Trump’s margin of victory in the Florida election four years ago was about 371,000 votes; this was large enough not to change the outcome of ongoing tabulations for ballots that were corrected for mismatched signatures or received from overseas state residents and military personnel within the allowed window after the election. Day.

So Florida got quick results, in part because the race wasn’t that close. If it were as close as the 2000 presidential race, which was decided by a 537-vote margin in the state, final results would not be announced until a few days after Election Day because tiny trickles of late votes would be decisive in the outcome.

More: Opinion: Don’t ask me to understand the ballot language in the Florida Constitutional Amendment

More: Cerabino: Don’t tell Trump, but voting by mail was once considered ‘extraordinary’ in Florida

The real problem with Catturd’s argument is that he picks the wrong villains.
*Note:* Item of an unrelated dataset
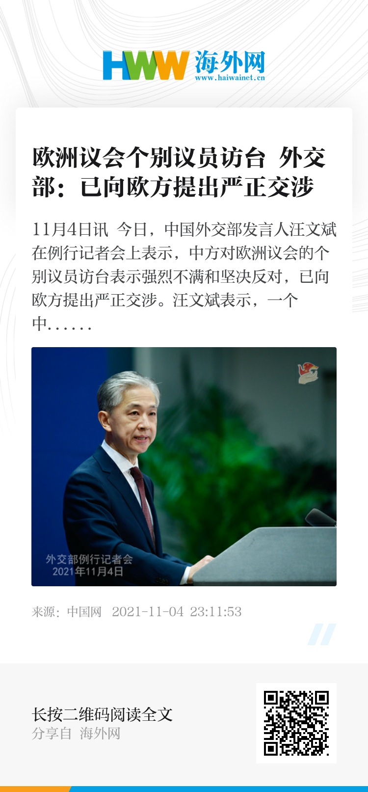 中国网11月4日讯 今日,中国外交部发言人汪文斌在例行记者会上表示,中方对欧洲议会的个别议员访台表示强烈不满和坚决反对,已向欧方提出严正交涉。

Republicans in some battleground states have changed state laws to allow counting of early and mail-in votes to extend beyond Election Day.

They then use the delay they created to infer that election officials produced fraudulent votes to steal the election.

Republican lawmakers in Wisconsin and Pennsylvania changed state laws to ban mail-in ballot envelopes from being opened by 7 a.m. on Election Day.

This guaranteed that voting would be extended for days in states where the result would be narrow. In 2020, Biden’s margin of victory in Pennsylvania was about 80,000 votes; and Wisconsin has only 20,000 votes.

Republican lawmakers in other battleground states this year changed laws to slow the counting of early votes and make it easier to charge a “stolen election” as election workers count legal votes after Election Day.

In Arizona, withdrawals of ballots cast in secure ballot boxes on Election Day (one-fifth of the votes cast in the state’s largest county) are prohibited until the polls close on Election Day.

Georgia attempted to pass a law that would allow certifying officials to conduct their own “reasonable investigation” into delaying the certification of votes.

And in North Carolina, lawmakers changed election laws last year to require counties to wait until polls close on Election Day to begin counting votes received before that day.

All of these changes are designed to make it easier for influencers like Catturd to level dangerous accusations of treason against election officials who are just trying to do their jobs.

“They are literally using early voting to figure out how much they will cheat,” one of their followers said.

“Build the gallows,” replied another.

Frank Cerabino is a columnist for The Palm Beach Post, part of the Gannett Newspaper chain.